In the event that anticipated technology licensing fees, royalties, product
sales and engineering and development services are not realized, management
believes additional working capital financing must be obtained. There is no
assurance any such financing is or would become available.
On January 25, 1999, the Company granted DistributedMedia.com, Inc.

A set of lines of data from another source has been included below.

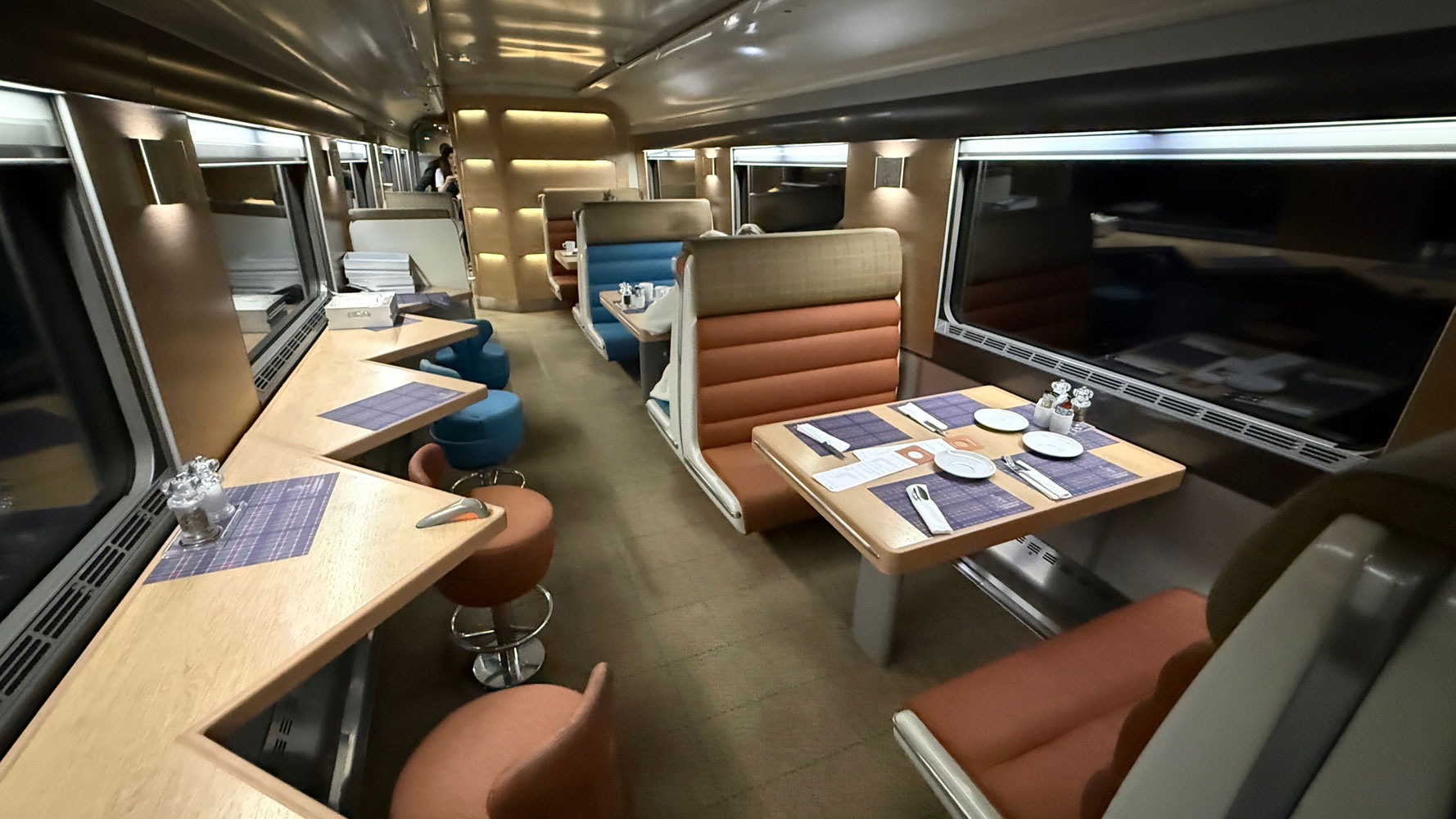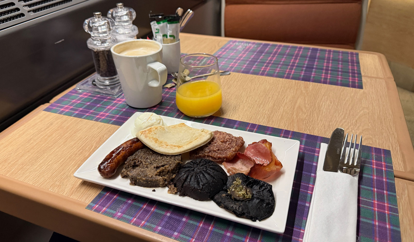 Scottish breakfast in the club car next morning (above left). Above right, the Caledonian Sleeper lounge in Inverness.
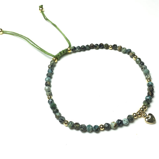 African Turquoise Gemstone Braid Rope Macrame Adjustable Bracelet Tiny Beads Gemstone Bracelet with Love Heart Charm
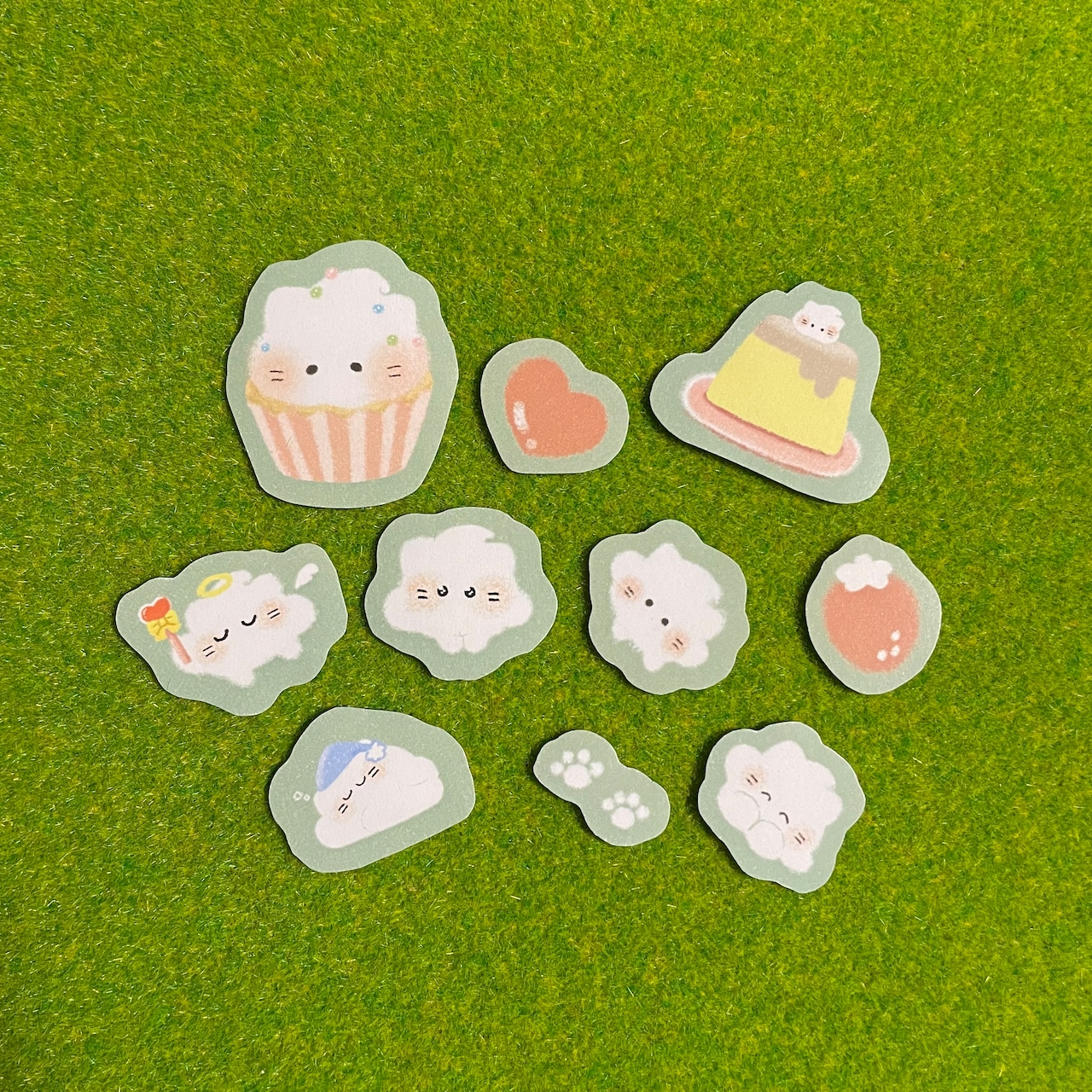 猫の耳のようなツノが特徴のホイップクリームの妖精「ほいっぷくりーにゃ」のシール10枚入りセットです。
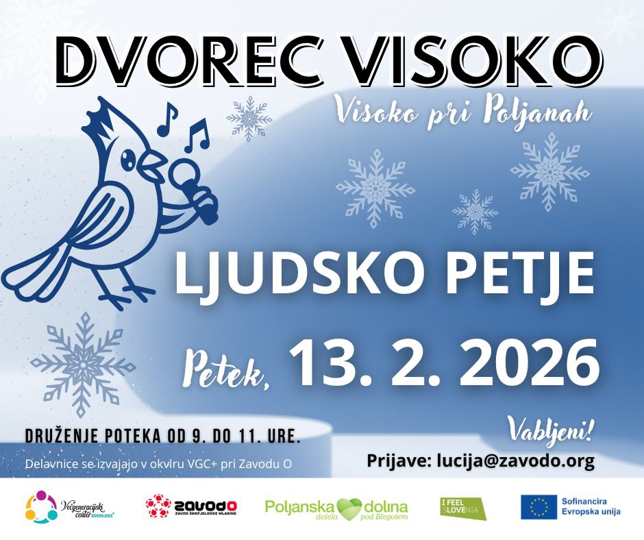 Vabimo vas, da se pridružite delavnicam ljudskega petja, ki bodo v 13. februarja v petek med 9. in 11. uro na Dvorcu Visoko. Delavnice bo vodila Lucija Kavčič.
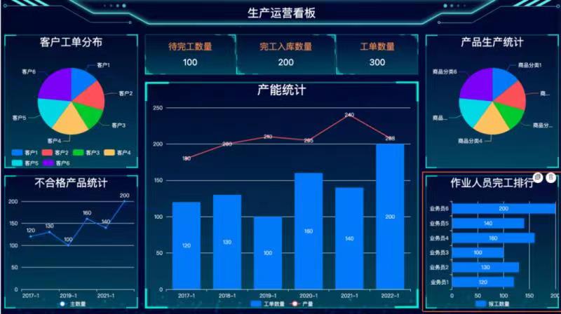 生產(chǎn)看板支持趨勢圖、餅圖、指標(biāo)卡、排行榜等多種可視化數(shù)據(jù)展示樣式,也預(yù)置了多套精美皮膚供選擇,自定義的看板可發(fā)布為菜單,單獨授權(quán)給老板、廠長、車間、庫管、品控等多用戶角色使用, 看板支持在大屏、電腦端、工控機、車間電視等多端展示。
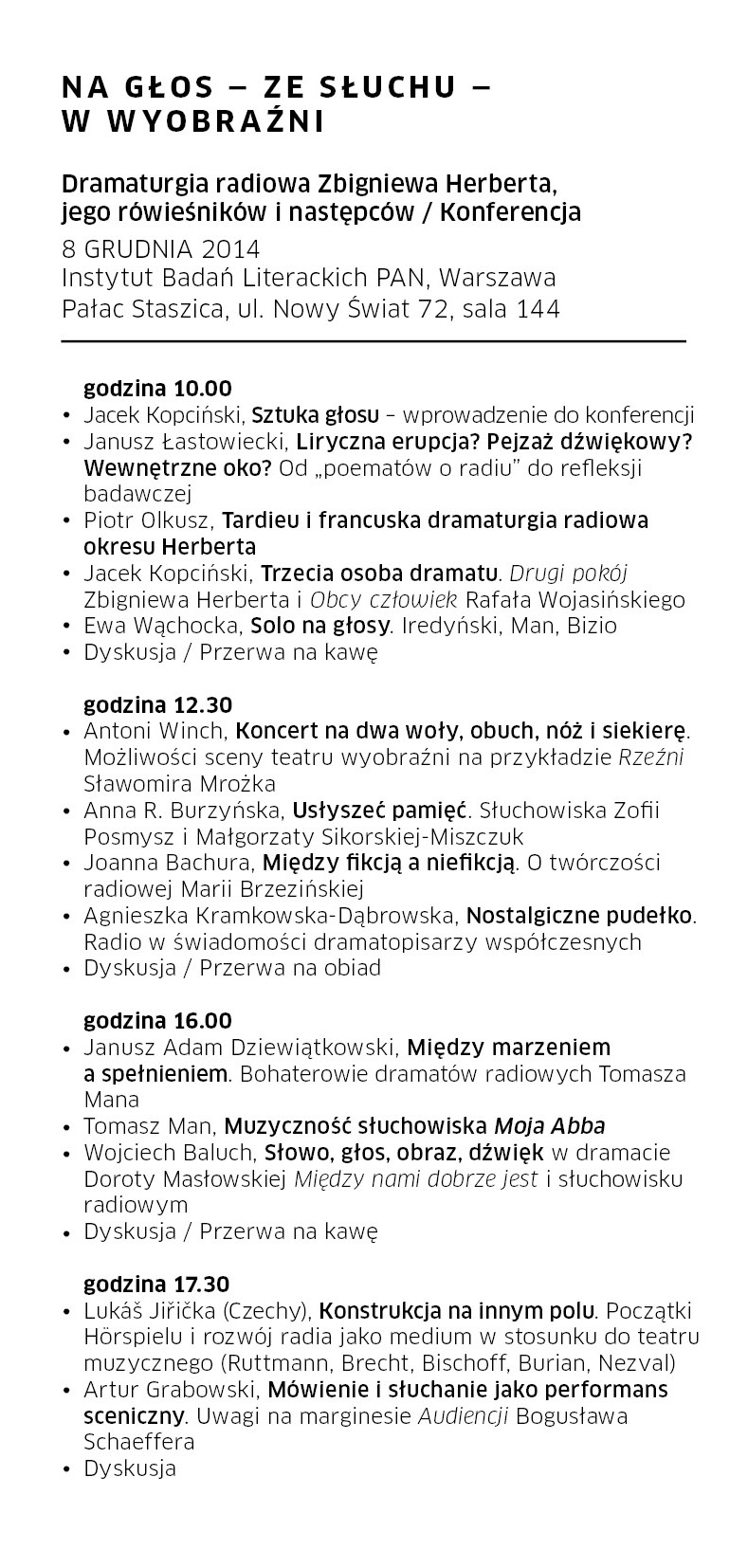 8 grudnia 2014 roku w Instytucie Badań Literackich PAN w Warszawie odbyła się konferencja NA GŁOS – ZE SŁUCHU – W WYOBRAŹNI. Dramaturgia radiowa Zbigniewa Herberta, jego rówieśników i następców, podczas której znawcy dramatu i teatru zderzyli ze sobą twórczość i myśl estetyczną pisarzy pokolenia Zbigniewa Herberta i współczesnych. Podczas konferencji wzajemnie uzupełniały się trzy perspektywy: literacka, radiowa i teatralna. Wśród referentów nie zabrakło też praktyków twórczości radiowej.
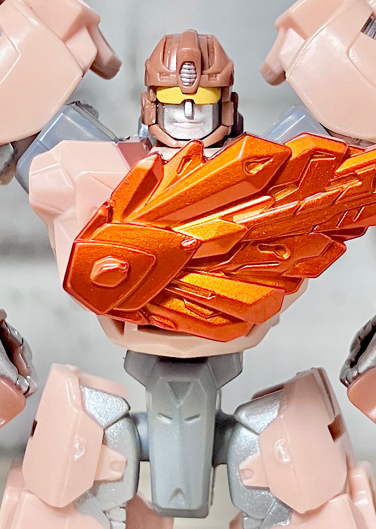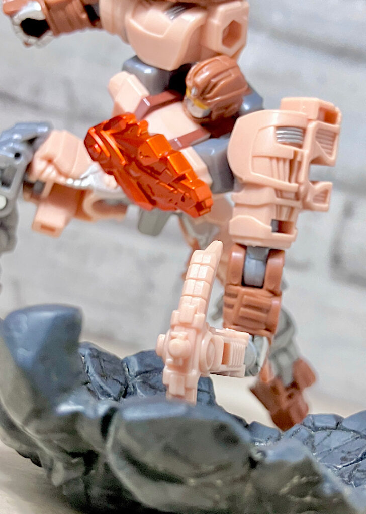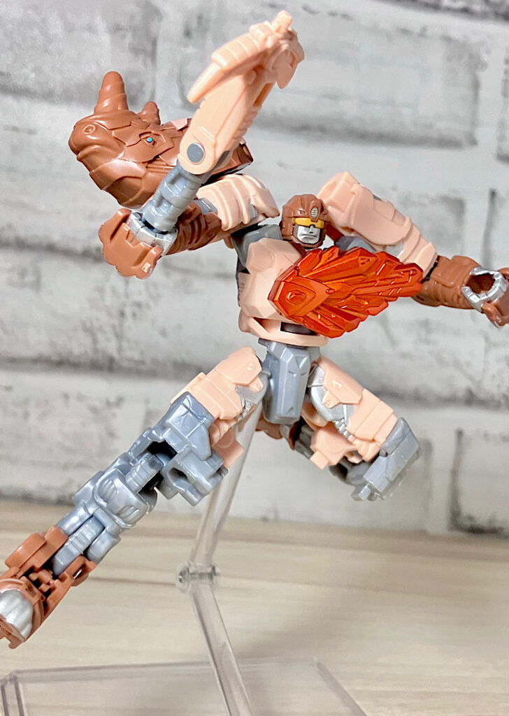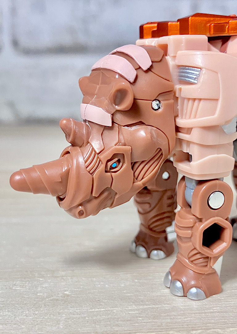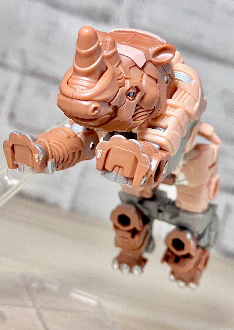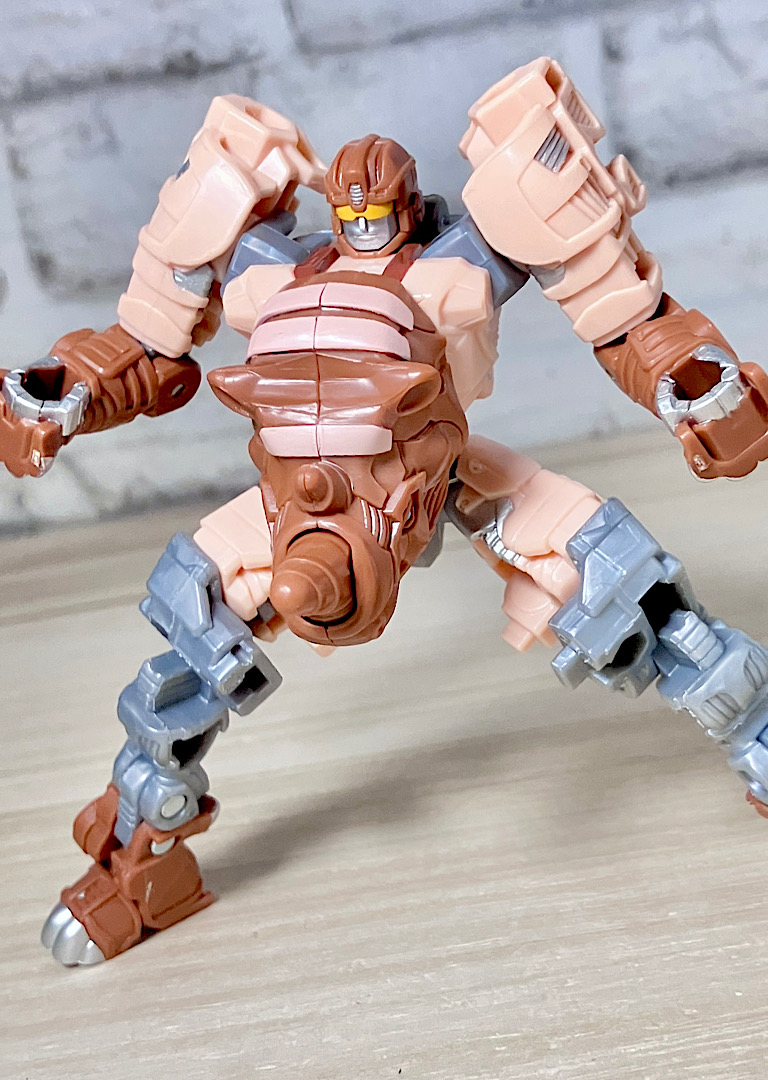 【ロボットモード】素体にサイの頭とエナジーを取り付けてロボットモード完成。大地属性ですが、カラーはベージュがメインなのでまるで裸のプロレスラーみたいに見えます。奇しくも同じサイモチーフのストラングルホールドを連想させるのはネットでも話題に。
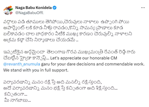 "వర్షాలు పడి తూములు తెగిపోయి, చెరువులు నాళాలు ఉప్పొంగి పోయి అపార్ట్మెంట్ లకి కూడ నీళ్లు రావడం, కొన్ని సామన్య ప్రాణాలు కూడ బలికావడం చాల బాధకారం వీటికి ముఖ్య కారణం చెరువుల్ని నాళాలని అక్రమ కబ్జా చేసి నిర్మాణాలు చేయడమే. ఇప్పటికైన అర్ధమైందా తెలంగాణ గౌరవ ముఖ్యమంత్రి రేవంత్ రెడ్డి గారు చేబట్టిన హైడ్రా కాన్సెప్ట్. సాహసోపేత నిర్ణయాలకు, ప్రశంసనీయమైన పనికి మన గౌరవ ముఖ్యమంత్రి రేవంత్ రెడ్డి గారిని అభినందిద్దాం. ఆయనకు పూర్తి మద్దతుగా నిలుద్దాం. పర్యావరణాన్ని మనం రక్షిస్తే అది మనల్ని రక్షిస్తుంది, అదే పర్యావరణాన్ని మనం భక్షిస్తే కచ్చితంగా అది శిక్షిస్తుంది.. కచ్చితంగా..." అంటూ నాగబాబు రాసుకొచ్చారు. ప్రస్తుతం ఈ పోస్ట్ వైరల్ గా మారింది.
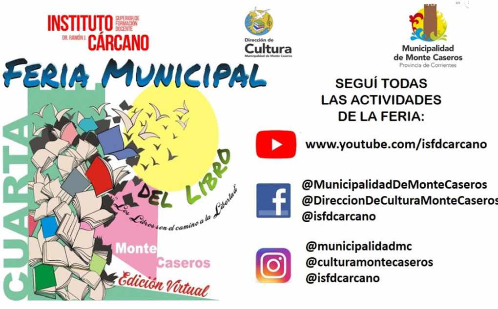La Municipalidad de Monte Caseros – a través de la Dirección de Cultura y el Instituto Superior de Formación Docente Dr. Ramón J. Cárcano – da inicio este lunes 5 de octubre y en coincidencia con el Aniversario de nuestra localidad la 4ta edición de la Feria Municipal del Libro, la que este año será de modalidad virtual. Bajo el lema “Los libros son el camino de la libertad” se realizará hasta el miércoles 7 a través de las plataformas @MunicipalidadDeMonteCasero, @DireccionDeCulturaMonteCaseros, @isfedecarcano, www.youtube.com/isfedecarcano.
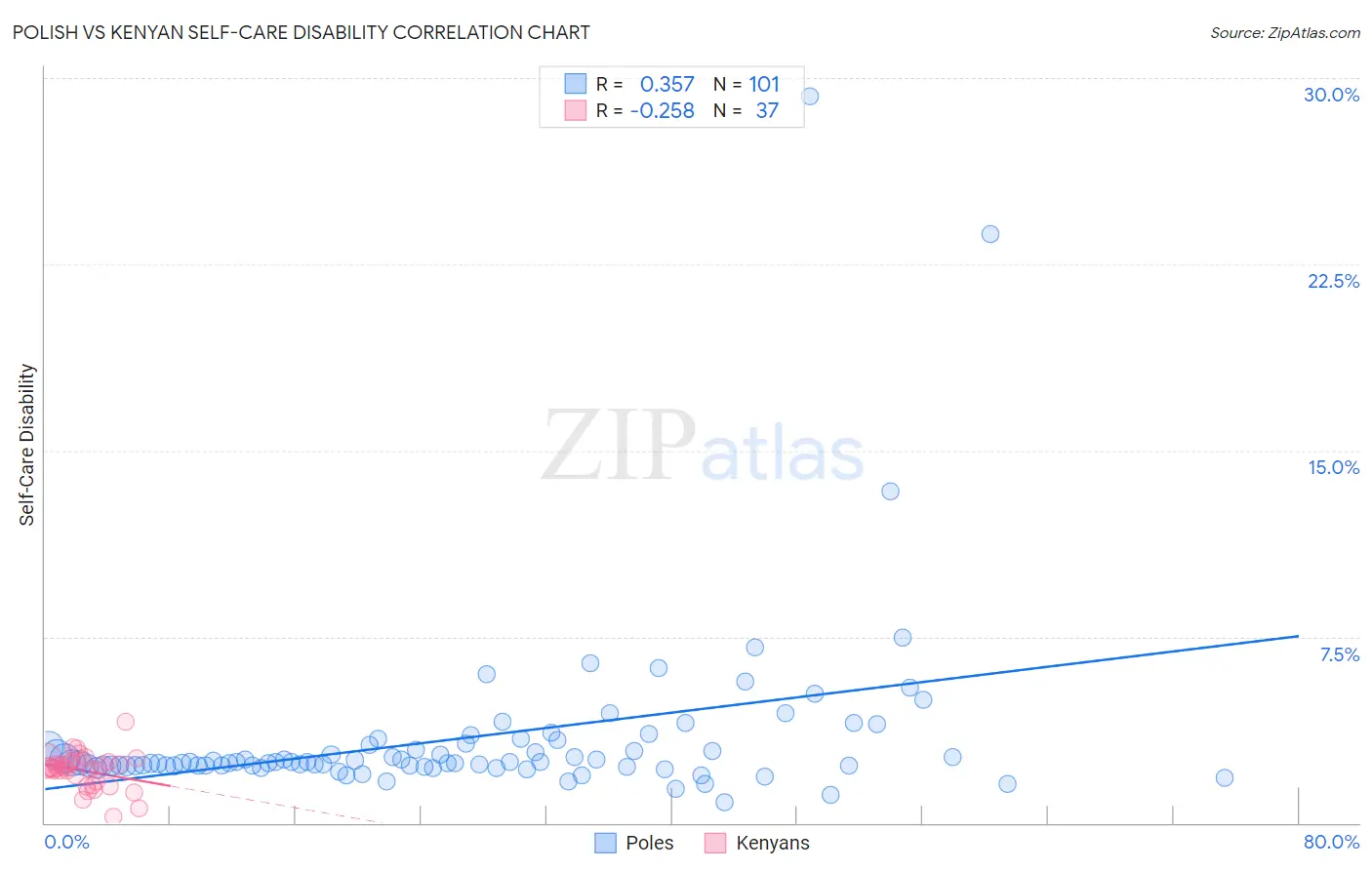 The statistical analysis conducted on geographies consisting of 558,400,698 people shows a mild positive correlation between the proportion of Poles and percentage of population with self-care disability in the United States with a correlation coefficient (R) of 0.357 and weighted average of 2.4%. Similarly, the statistical analysis conducted on geographies consisting of 168,082,411 people shows a weak negative correlation between the proportion of Kenyans and percentage of population with self-care disability in the United States with a correlation coefficient (R) of -0.258 and weighted average of 2.3%, a difference of 4.6%.

("DMC"), a wholly owned subsidiary of the Company formed on November 24, 1998,
an exclusive worldwide license with respect to all of the Company's relevant
patented and unpatented technology relating to DMC products in consideration for
a license fee of $3.0 million (eliminated in consolidation). Such license fee is
to be paid when proceeds are available from the sale of DMC common stock. In
addition, running royalties will be payable to the Company with respect to DMC's
sales of products incorporating the licensed technology and its sublicensing of
such technology. It is anticipated that DMC will issue shares of its common
stock in transactions exempt from registration in order to raise additional
working capital.
On February 9, 1999, NCT Audio Products, Inc. ("NCT Audio") and New
Transducers Ltd. ("NXT") expanded the Cross License Agreement dated September
27, 1997 to increase NXT's fields of use to include aftermarket ground based
vehicles and aircraft sound systems. The expanded agreement also increased the
royalties due NCT Audio from NXT to 10% from 6% and increased the royalties due
NXT from NCT Audio to 7% from 6%. In consideration for granting NXT these
expanded license rights, NCT Audio received licensing fees of $0.5 million. Also
on February 9, 1999, NCT Audio and NXT amended the Master License Agreement to
include a minimum royalty payment of $160,000 in 1999, to be paid by NCT Audio
to NXT in equal quarterly installments. The Company has recorded a liability of
$0.1 million at September 30, 1999.
On June 24, 1999, the Board of Directors approved the issuance of up to
15,000,000 shares of the Company's common stock to be used to settle certain
obligations of the Company. On September 24, 1999, the Company issued 12,005,847
shares of common stock to suppliers and consultants to settle current
obligations of $1.8 million and future obligations of $0.5 million and filed a
Form S-1 resale registration statement with the Commission covering such shares.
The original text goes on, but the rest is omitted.